Rosendo Álvarez

Personal information
- Nickname: El Bufalo
- Born: Rosendo José Álvarez Hernández May 6, 1970 (age 56) Managua, Nicaragua
- Height: 5 ft 5 in (165 cm)
- Weight: Mini-flyweight; Light-flyweight; Flyweight;

Boxing career
- Reach: 65 in (165 cm)
- Stance: Orthodox

Boxing record
- Total fights: 43
- Wins: 37
- Win by KO: 24
- Losses: 4
- Draws: 2

= Rosendo Álvarez =

Nicaraguan boxer (born 1970)

Rosendo José Álvarez Hernández (born May 6, 1970) is a Nicaraguan former professional boxer who competed from 1992 to 2012. He is a world champion in two weight classes, having held the World Boxing Association (WBA) mini-flyweight title from 1995 to 1998, the WBA light-flyweight title from 2001 to 2004, and the inaugural Ring magazine light-flyweight title from 2003 to 2004.

== Professional career ==
Álvarez made his professional debut on May 23, 1988. He accumulated a record of 19-0, which included a TKO victory over future champion José Bonilla, before challenging for a world title.

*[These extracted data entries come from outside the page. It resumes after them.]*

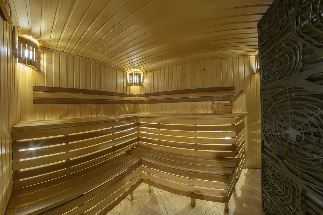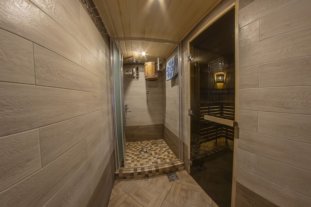 Главная изюминка коттеджа — настоящая русская баня на дровах и сезонный джакузи.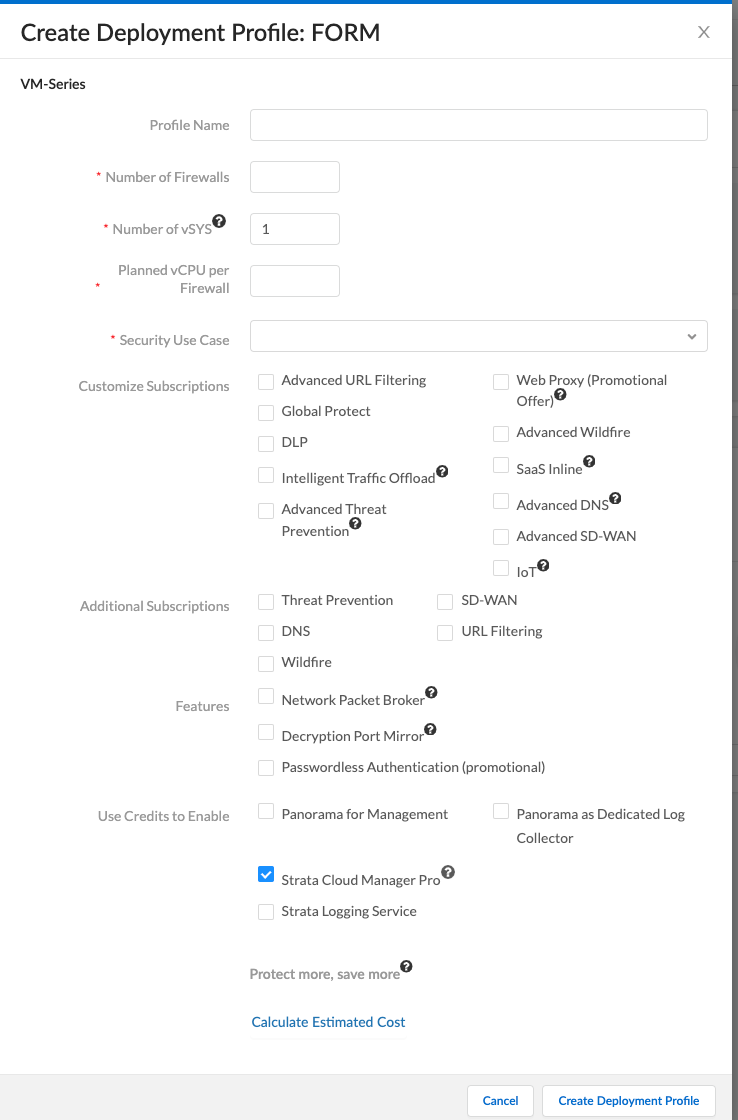 For information on the maximum number for a particular object or resource that a single VM-Series firewall deployment can create, store, manage, or interact with based on allocated memory or tier, see Maximum Limits Based on Tier and Memory.Firewall Model:Choose a VM-Series model.Planned vCPU/Firewall (PAN-OS 10.0.4 or above).Enter the number of vCPUs per firewall.Security Use Case: Choose a use case.Customize Subscriptions.After selecting a use case, you can add or remove security services.Select your Strata Cloud Manager subscription—Strata Cloud Manager Pro or Strata Logging Service. If you're using Strata Cloud Manager Essentials, do not select these options.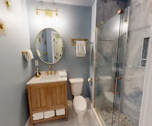 The bathroom was completely renovated to provide a serene spa like showering experience complete with a rain showerhead.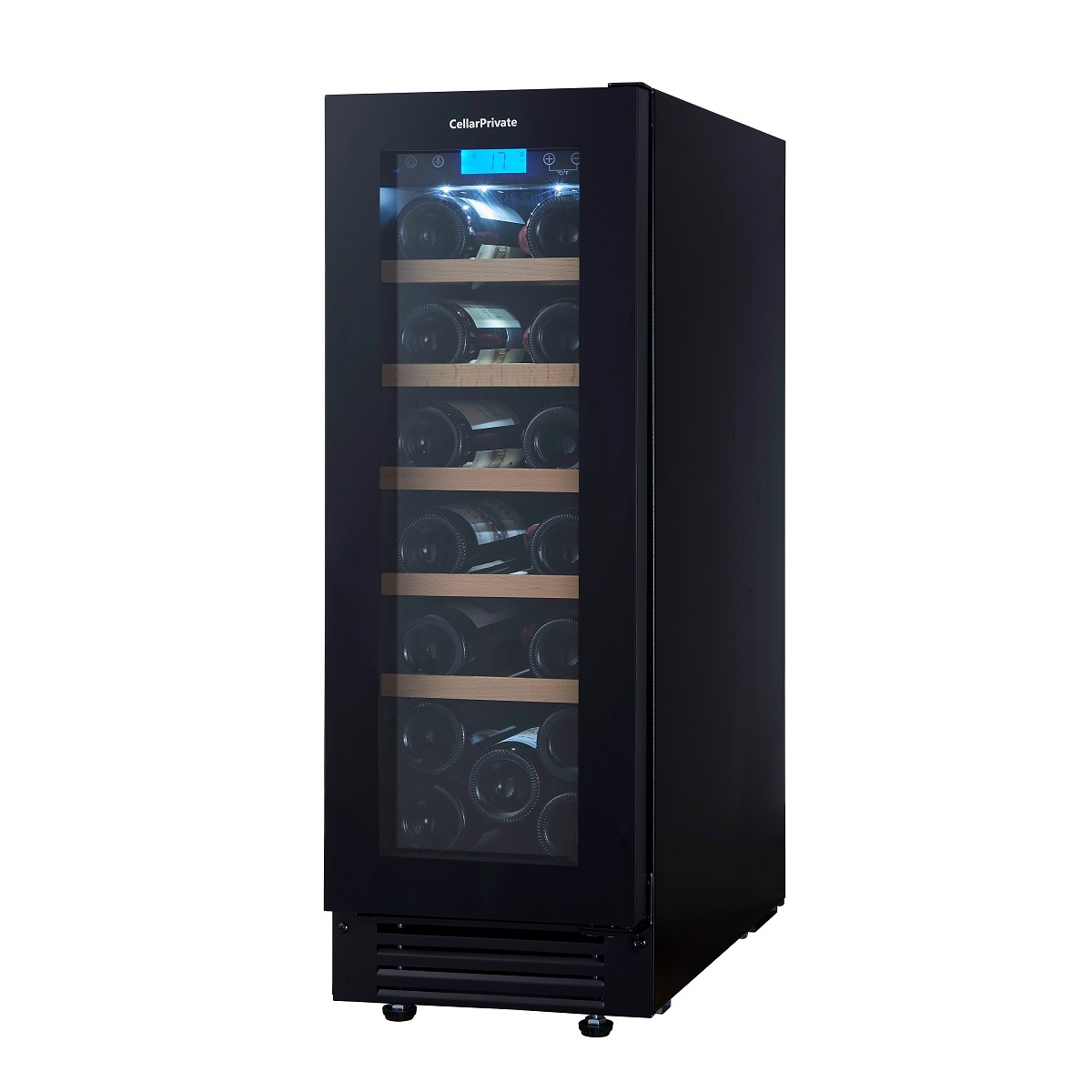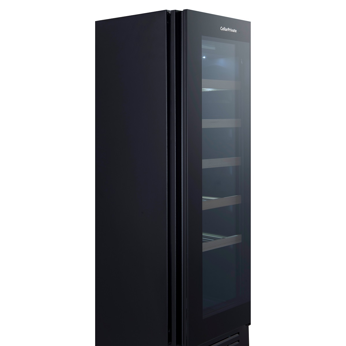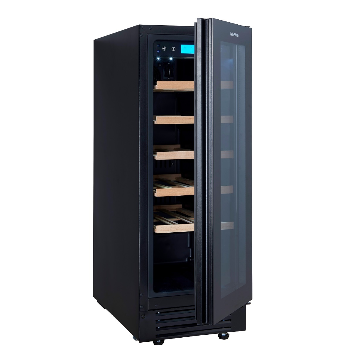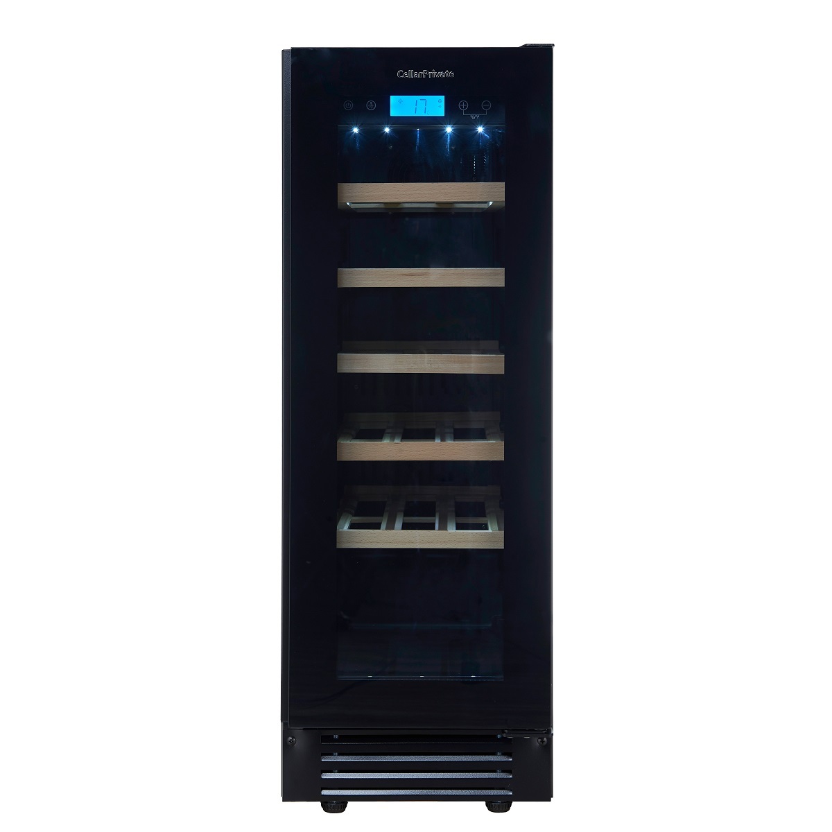 Сенсорные кнопки управления температурой и подсветкой за стеклянной дверцей.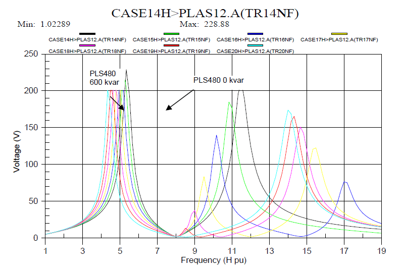 As the PLS480 capacitor banks are switched from 0 to 600 kvar, the 5th harmonic resonance shifts approximately 60 Hz (4.5th harmonic to 5.5th harmonic). Therefore, for cases in which the resonance normally occurs between the 4th and 6th harmonics, the switching of capacitors at PLS480 could result in a resonance shift such that it is tuned to the 5th harmonic.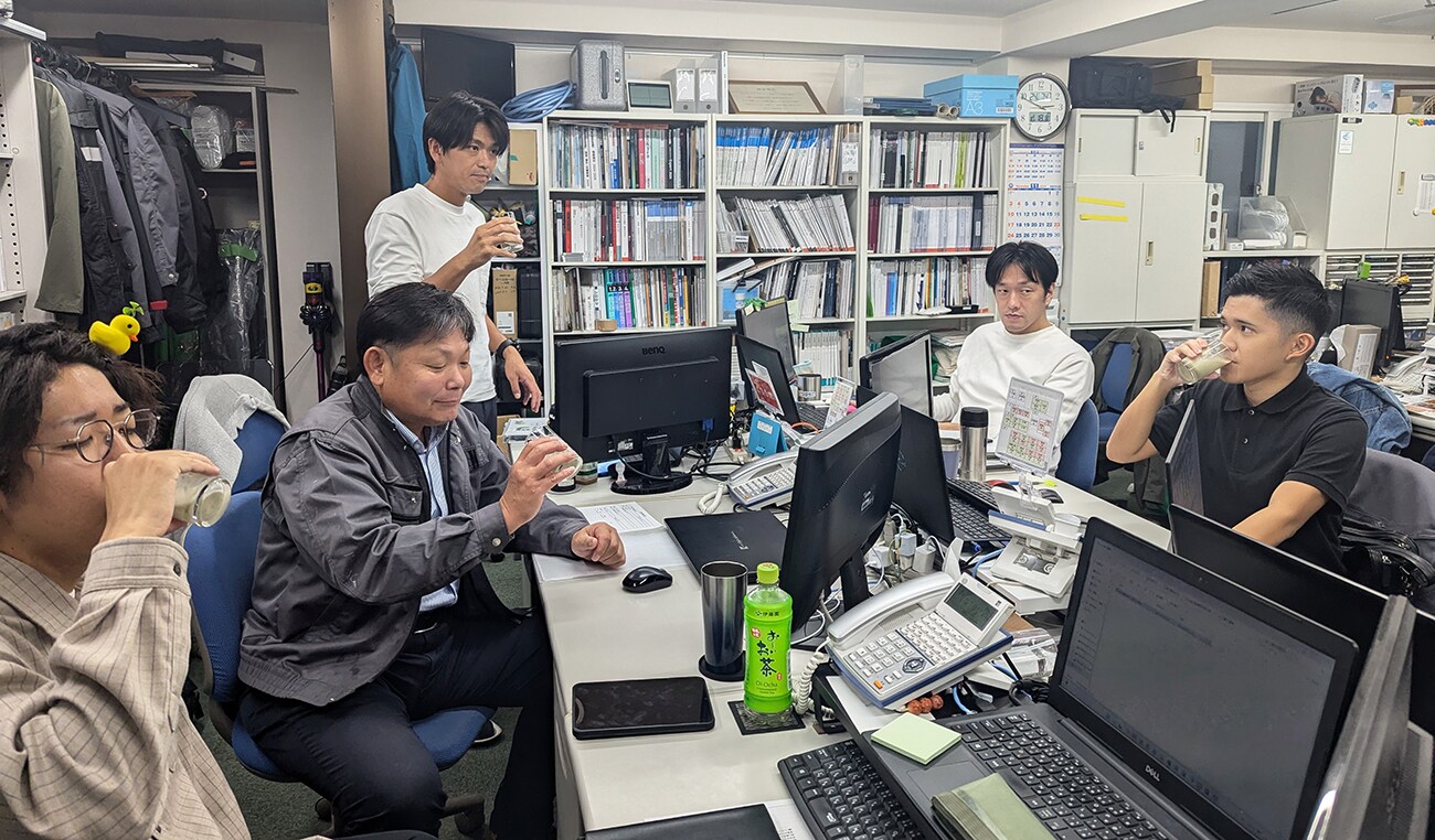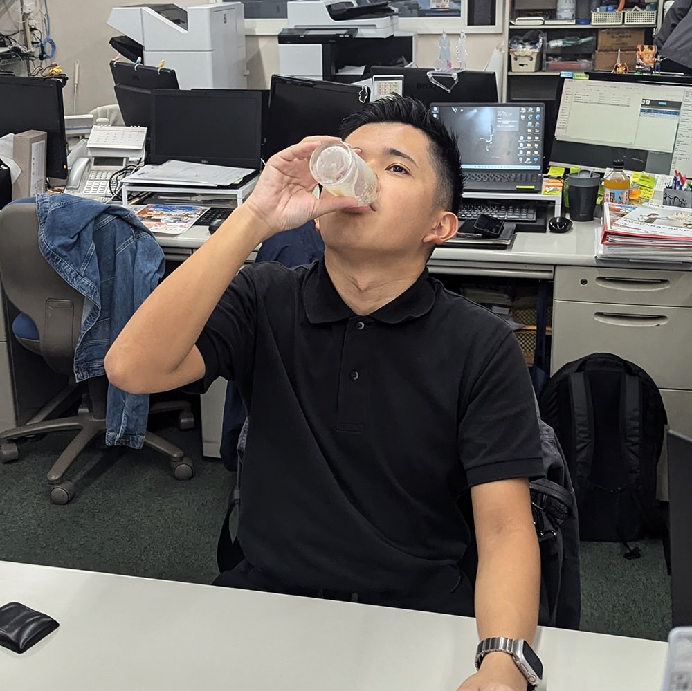 午後のひと時、社内でデスクワーク中の営業スタッフにも試飲してもらいました。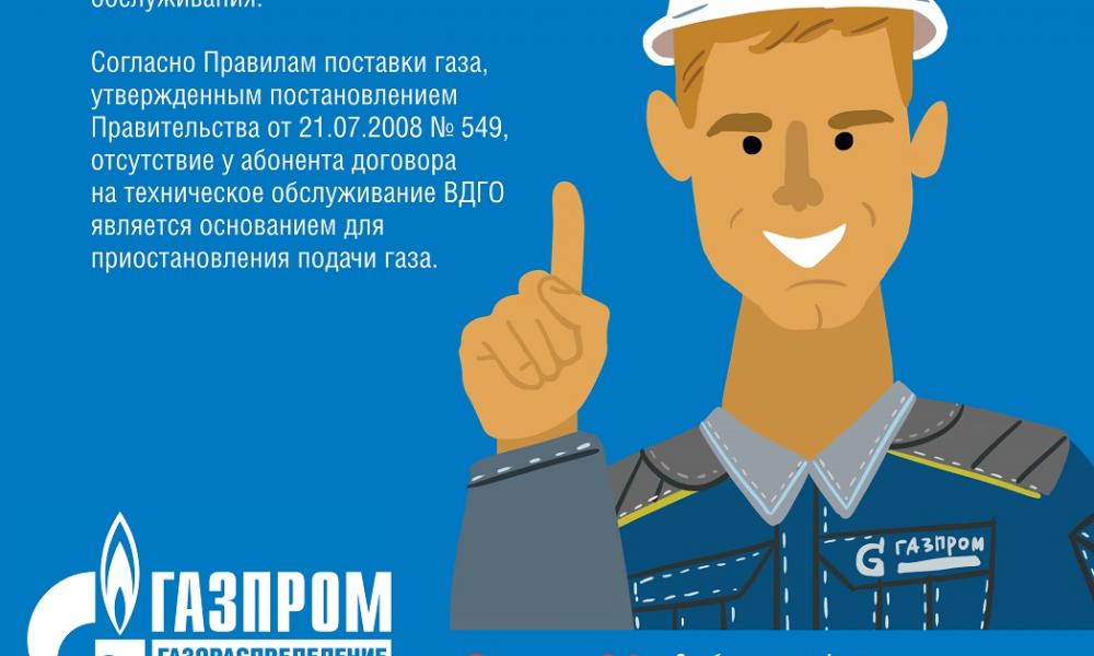 Согласно постановлению Правительства № 410 от 14 мая 2013 года «О мерах по обеспечению безопасности при предоставлении услуг по газоснабжению при пользовании и содержании внутридомового и внутриквартирного газового оборудования». Потребитель обязан иметь заключенный договор на техническое обслуживание внутридомового и внутриквартирного газового оборудования (далее ТО ВДГО и ВКГО).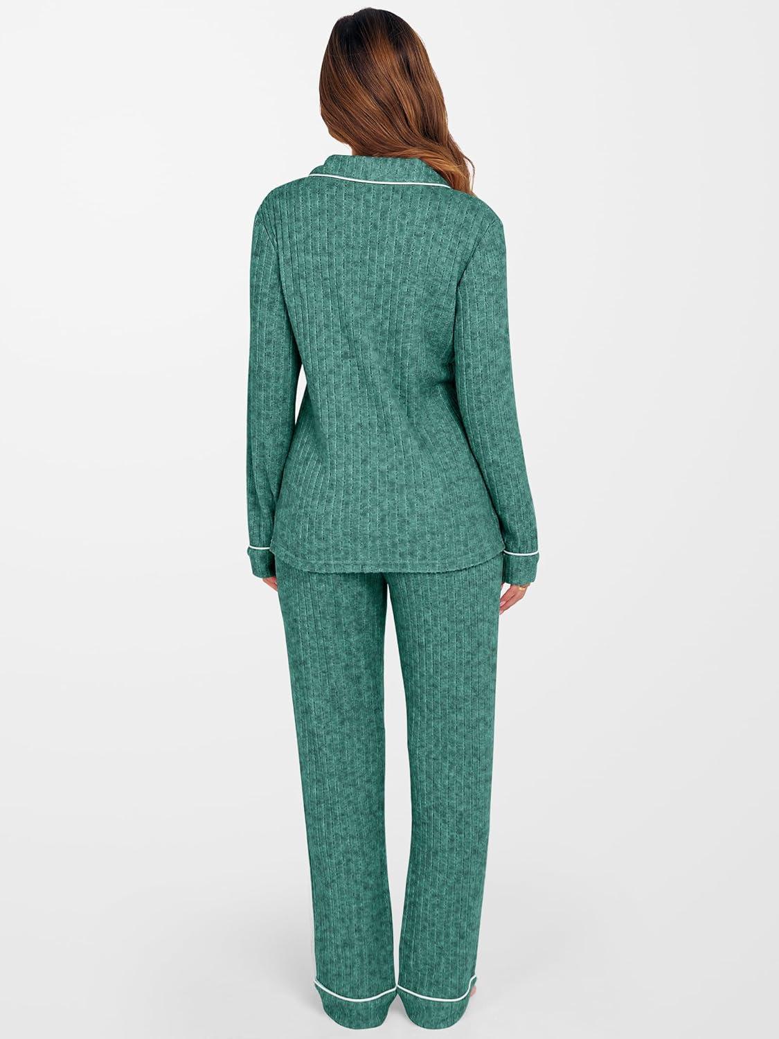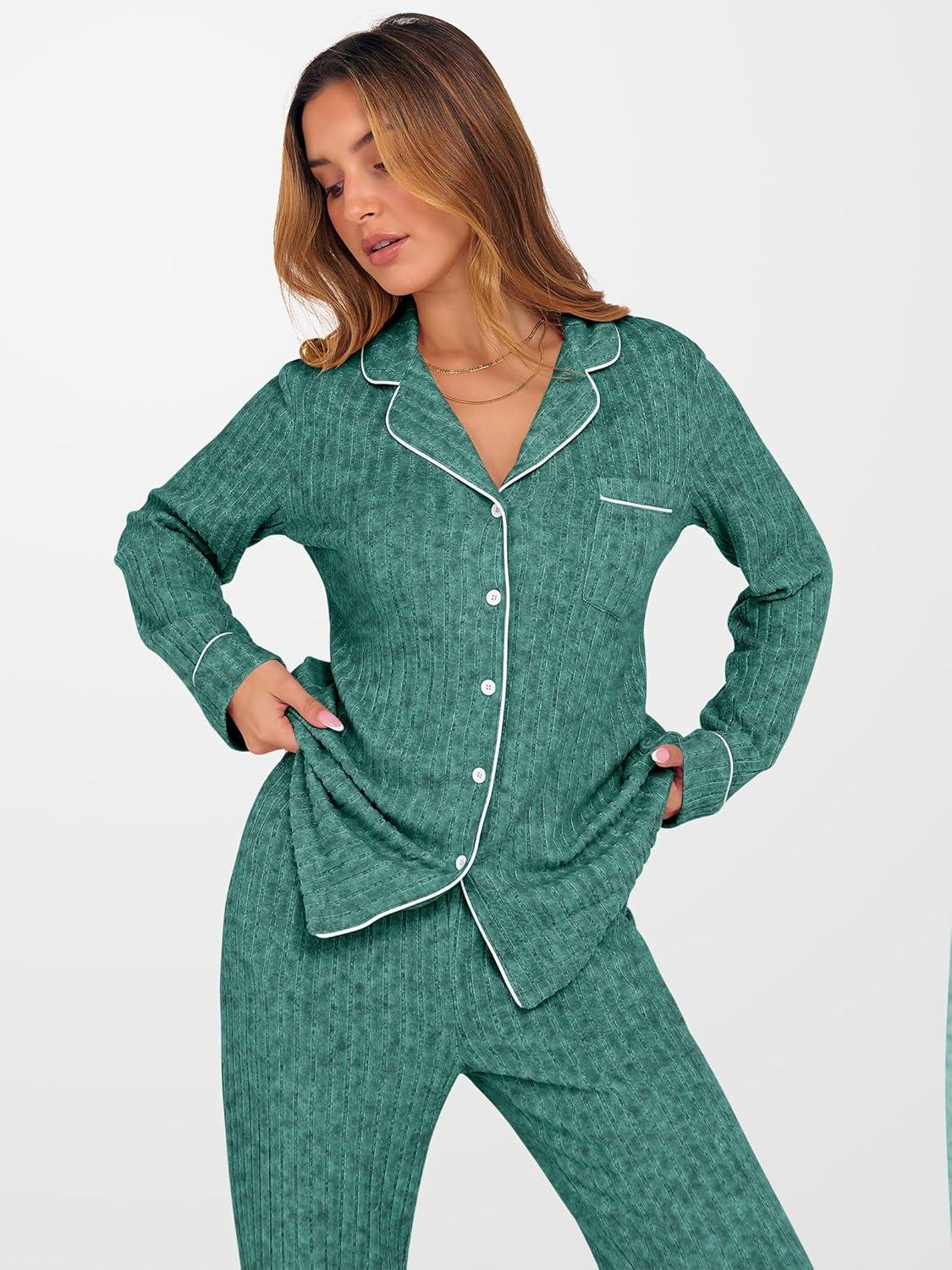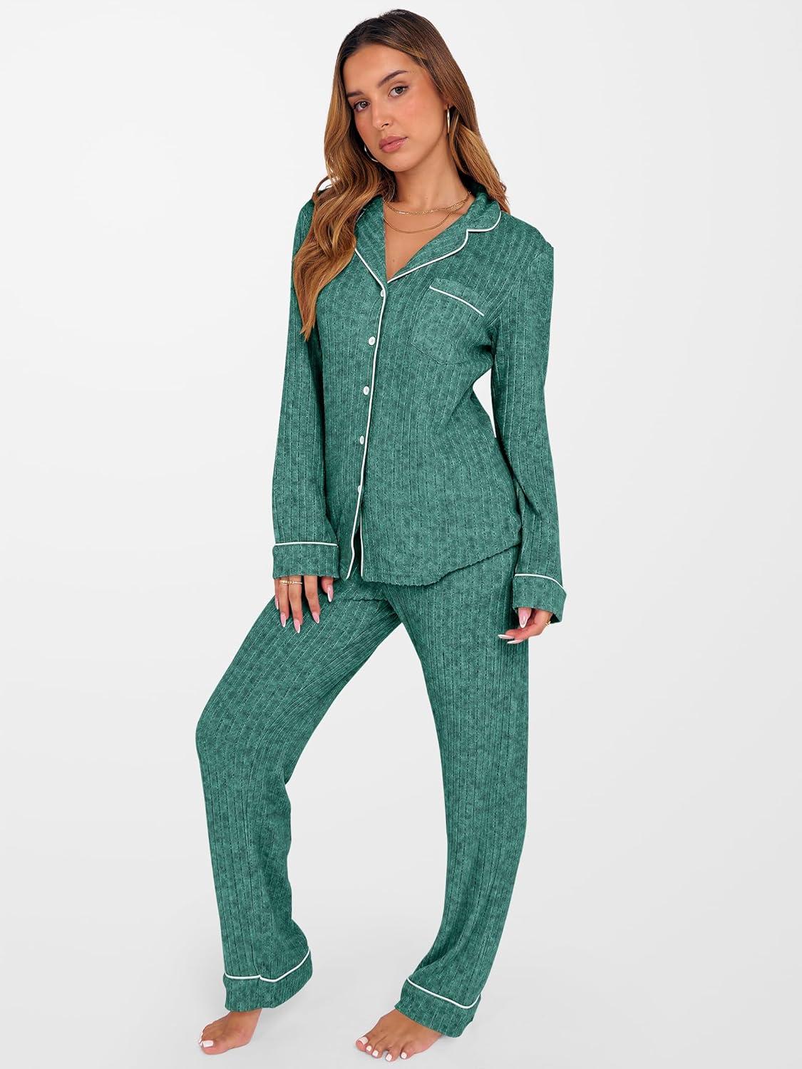 ANRABESS Women Pajama Lounge Sets 2025 Fall 2 Piece Outfits Ribbed Long Sleeve Matching PJ Set Sleepwear Loungewear(Deep Green)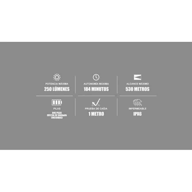 - Potencia máxima: 250 lum

One of his trainers was María Toto.

===WBA mini-flyweight title===
On December 2, 1995, he traveled to Thailand and won the World Boxing Association mini-flyweight title by close split decision over undefeated Thai champion Chana Porpaoin, who was 9-0 in title fights. In 1996, he defended his title three times including a third round knockout over future champion Kermin Guardia, a decision win over former champion Eric Chavez, and an eighth round knockout over undefeated prospect Takashi Shiohama. He had one bout in 1997, an eleventh round knockout over undefeated future interim champion Songkram Porpaoin (twin brother of Chana), for his fourth title defense.

===Fights with López===
In 1998, he fought to a draw with undefeated reigning WBC mini-flyweight champion and pound-for-pound ranked Ricardo Lopez, dropping Lopez for the first and only time in his career. The fight was stopped in the 8th round when Lopez suffered a cut from a clash of heads, resulting in a technical draw on the scorecards. A rematch was set for later in the year, however, the fight was in jeopardy of taking place as Alvarez failed to make weight by 3 1/4 pounds. He was stripped of the title and the two met at an over the 105-pound strawweight limit, with the WBA title being on the line for Lopez only. Alvarez lost the rematch by a 12-round split decision, suffering his first loss as a professional.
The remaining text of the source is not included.